INPUT MATERIAL
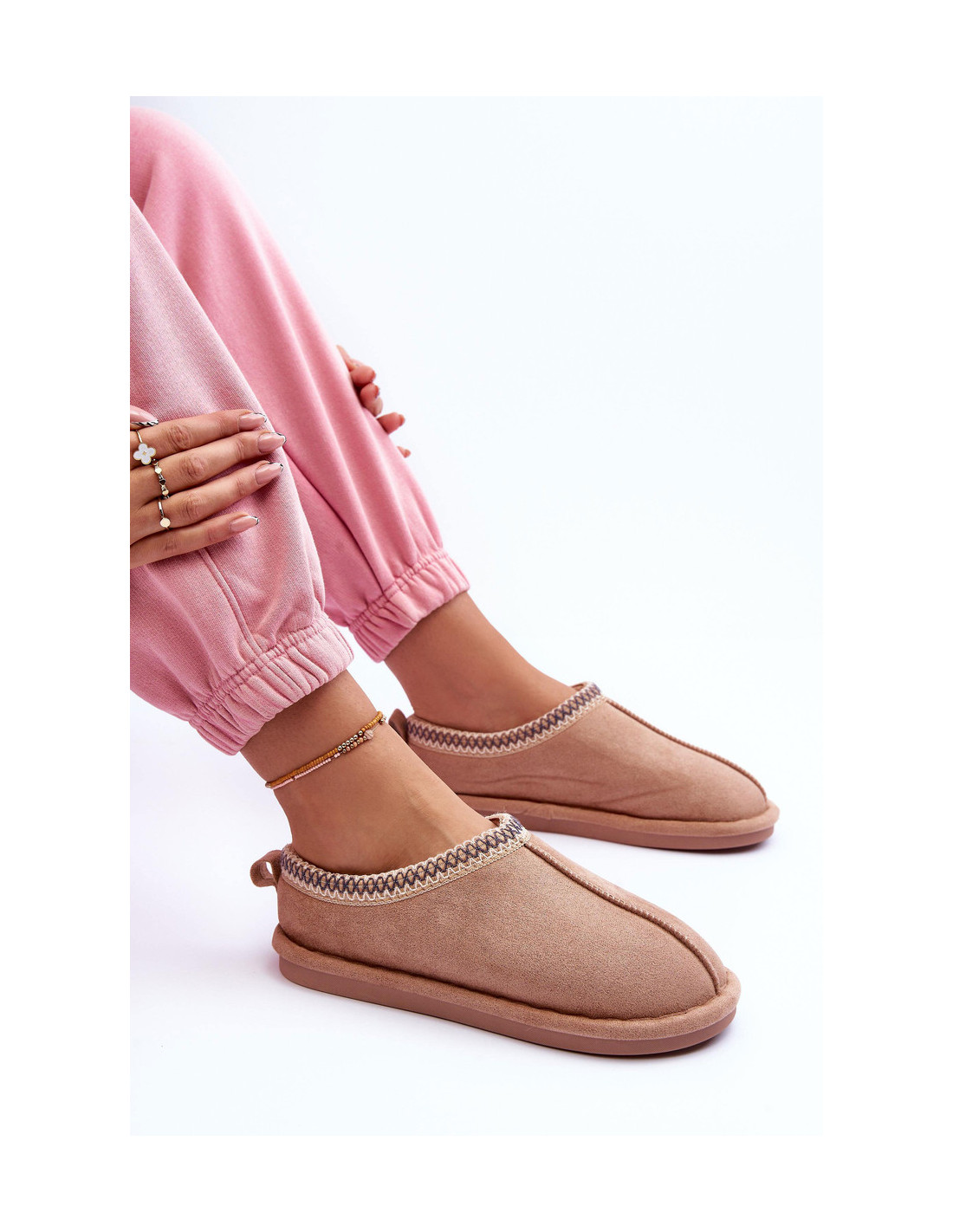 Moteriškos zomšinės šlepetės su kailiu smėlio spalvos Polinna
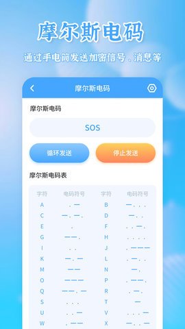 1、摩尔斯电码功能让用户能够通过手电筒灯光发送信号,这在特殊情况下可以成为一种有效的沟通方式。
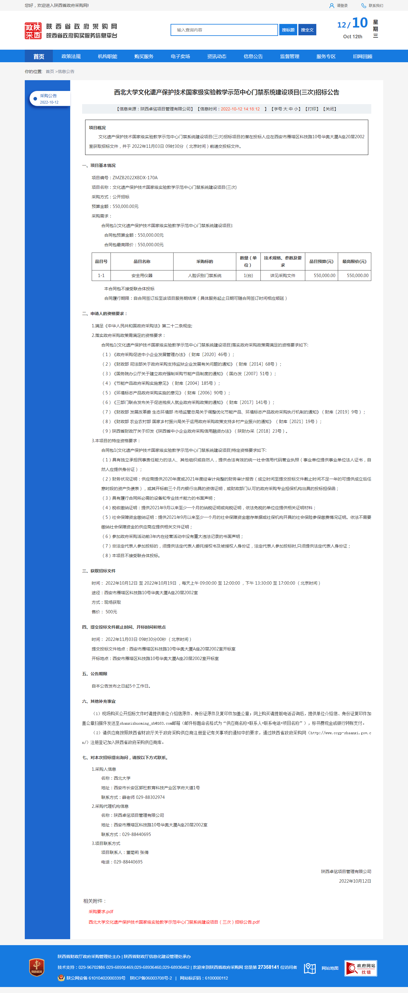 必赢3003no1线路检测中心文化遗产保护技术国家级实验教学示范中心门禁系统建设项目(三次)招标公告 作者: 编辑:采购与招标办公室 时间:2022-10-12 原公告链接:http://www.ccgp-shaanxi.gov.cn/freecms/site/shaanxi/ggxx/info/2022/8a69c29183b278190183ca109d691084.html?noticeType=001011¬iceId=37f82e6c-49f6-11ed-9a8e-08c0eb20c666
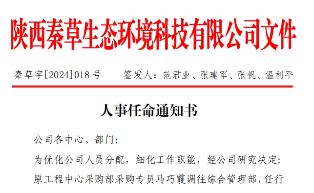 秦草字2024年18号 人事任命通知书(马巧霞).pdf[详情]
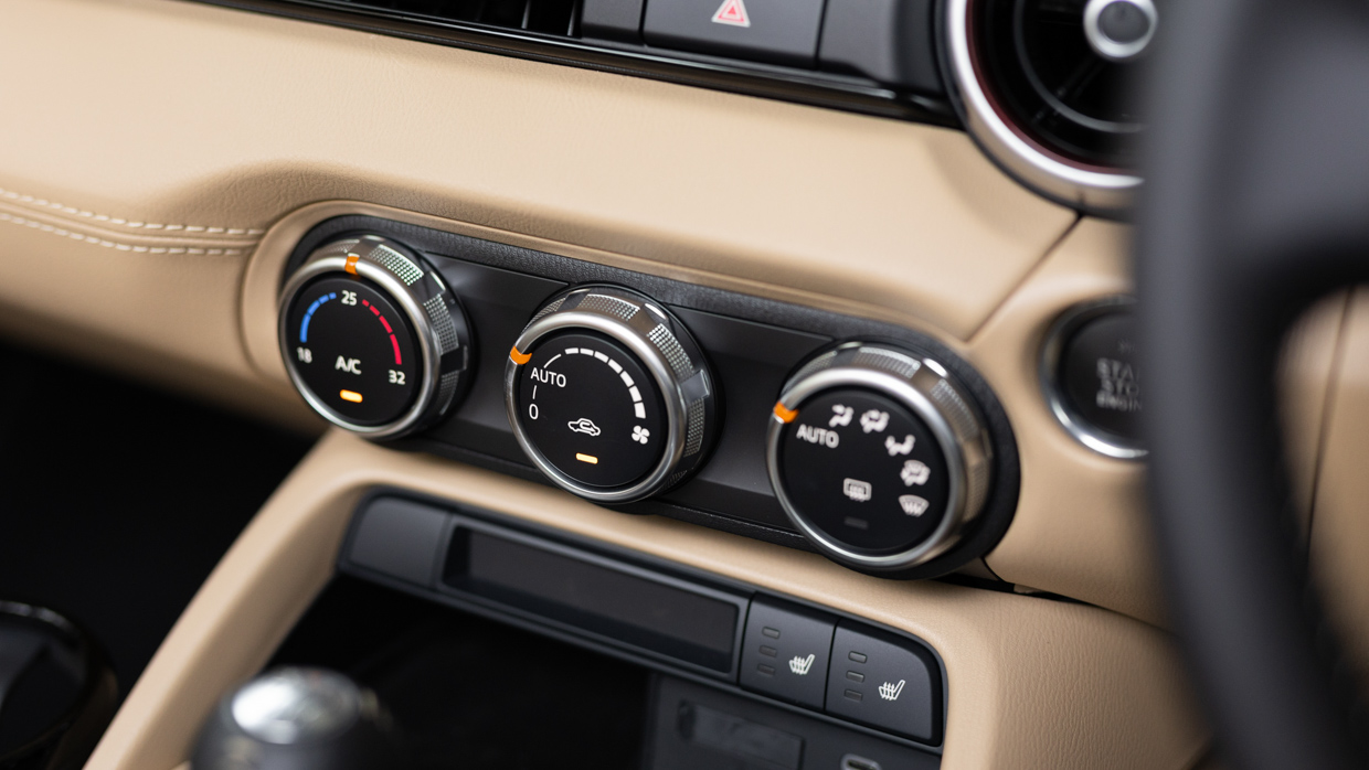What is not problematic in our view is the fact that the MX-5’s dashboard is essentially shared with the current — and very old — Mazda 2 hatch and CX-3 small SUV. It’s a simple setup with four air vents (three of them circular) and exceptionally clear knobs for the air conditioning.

DIRECTIONS
Each line above is to be repeated exactly as written; no picture is carried over.

ANSWER AREA
 Moteriškos zomšinės šlepetės su kailiu smėlio spalvos Polinna
 1、摩尔斯电码功能让用户能够通过手电筒灯光发送信号,这在特殊情况下可以成为一种有效的沟通方式。
 必赢3003no1线路检测中心文化遗产保护技术国家级实验教学示范中心门禁系统建设项目(三次)招标公告 作者: 编辑:采购与招标办公室 时间:2022-10-12 原公告链接:http://www.ccgp-shaanxi.gov.cn/freecms/site/shaanxi/ggxx/info/2022/8a69c29183b278190183ca109d691084.html?noticeType=001011¬iceId=37f82e6c-49f6-11ed-9a8e-08c0eb20c666
 秦草字2024年18号 人事任命通知书(马巧霞).pdf[详情]
What is not problematic in our view is the fact that the MX-5’s dashboard is essentially shared with the current — and very old — Mazda 2 hatch and CX-3 small SUV. It’s a simple setup with four air vents (three of them circular) and exceptionally clear knobs for the air conditioning.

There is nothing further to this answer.